Spear phishing is more intricate than general email phishing because it involves sending a more targeted, well-crafted malicious email or text message to a specific person rather than to groups of people. Cybercriminals use social engineering tactics to tailor personalised emails to the intended recipients. 

The email’s subject lines are topics of interest to the targets, which tricks them into reading the message and then clicking on included links or attached files. Or, the attacker disguises themselves as a trustworthy friend or professional entity to acquire sensitive information.

Because of all the time and detail put into a spear-phishing message, it is the most successful form of phishing, accounting for 91% of successful attacks. Because spear phishing messages are so precisely tailored, even email security application filters can miss them. The message appears legitimate and non-threatening, so the recipient unsuspectingly opens it. 

The creator of the spear-phishing email gathers some or all of the following details about the victim. All this information is easy to collect from business directory websites like LinkedIn. Another quick search through social media can yield additional personal information that the criminal uses to tweak the spear-phishing email further.

These personal details include the following:

  • First and last name
  • Job title and job description
  • Place of employment
  • Email address
  • Hobbies & interests

All it takes is for one intended recipient to access a malicious link, and the damage is done. Even the savviest of executives can be tricked when the message contains enough valid information.

Spear Phishing vs Phishing: Main differences

As stated, spear phishing is a type of email phishing, though there are some distinct differences. Phishing requiring less effort because the criminal agent sends a single email to a group of people. Because of the broad audience, the email content is generic and will not likely be enough to dupe many recipients. Standard phishing prevention practices offer adequate system protection.

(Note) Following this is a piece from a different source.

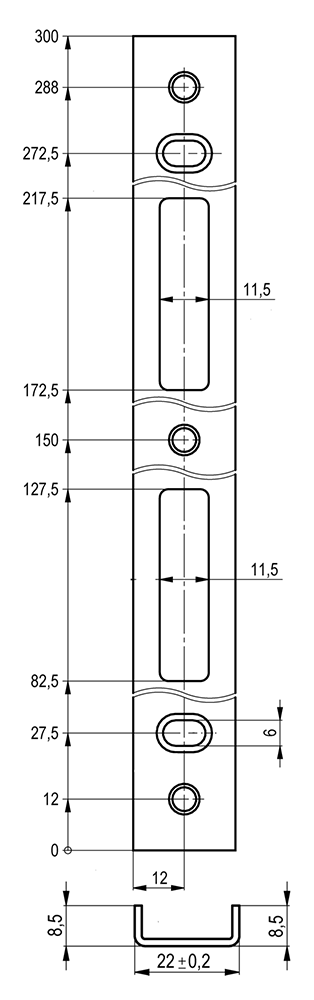 Rozměry: 300 x 22 x 8,5 mm síla 1,5 mm

On the contrary, spear phishing is a customised attack, and the content is focused on the victims. So, the criminal must perform extensive research on the targets to be convincing. For instance, if the target frequents a golf course, the malicious email may contain an offer for a free round of golf with a confirmation link. The victim is motivated by the free offer and clicks the link, downloading malware onto their computer.

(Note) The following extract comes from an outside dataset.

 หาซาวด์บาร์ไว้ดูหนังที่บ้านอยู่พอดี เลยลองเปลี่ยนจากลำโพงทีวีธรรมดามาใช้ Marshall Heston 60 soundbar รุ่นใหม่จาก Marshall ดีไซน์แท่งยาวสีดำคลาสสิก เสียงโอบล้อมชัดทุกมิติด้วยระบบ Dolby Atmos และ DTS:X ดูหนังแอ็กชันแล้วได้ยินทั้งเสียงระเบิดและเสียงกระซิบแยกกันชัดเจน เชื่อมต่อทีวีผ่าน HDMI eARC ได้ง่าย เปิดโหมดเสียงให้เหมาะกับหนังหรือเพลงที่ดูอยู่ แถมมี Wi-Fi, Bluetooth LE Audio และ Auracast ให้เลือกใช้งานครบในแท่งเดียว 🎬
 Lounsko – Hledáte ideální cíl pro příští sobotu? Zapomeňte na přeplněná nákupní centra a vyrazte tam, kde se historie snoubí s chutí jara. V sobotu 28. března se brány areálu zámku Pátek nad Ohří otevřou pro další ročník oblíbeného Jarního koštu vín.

Here are some additional variations between general email phishing and spear phishing.

Personalisation

While phishing has a broad audience, spear phishing targets specific people or small teams within an organisation.

Convincing messages

Phishing messages are general and often imitate a bank or a password reset request. With spear phishing, the message is customised to the targets so that it looks convincing.

Automated vs manual attack

Phishing scams are automated, while spear phishing is more manual and tailored. 

Examples of Spear Phishing vs Phishing Email

Next, let’s take a look at a typical phishing email compared to a spear-phishing message. First, here is a sample of a bulk phishing email. In this case, the attacker is impersonating Hulu.


Dear Customer,

Someone tried to log in to your Hulu account. If it wasn’t you, please use the following code to confirm your identity. Log in here.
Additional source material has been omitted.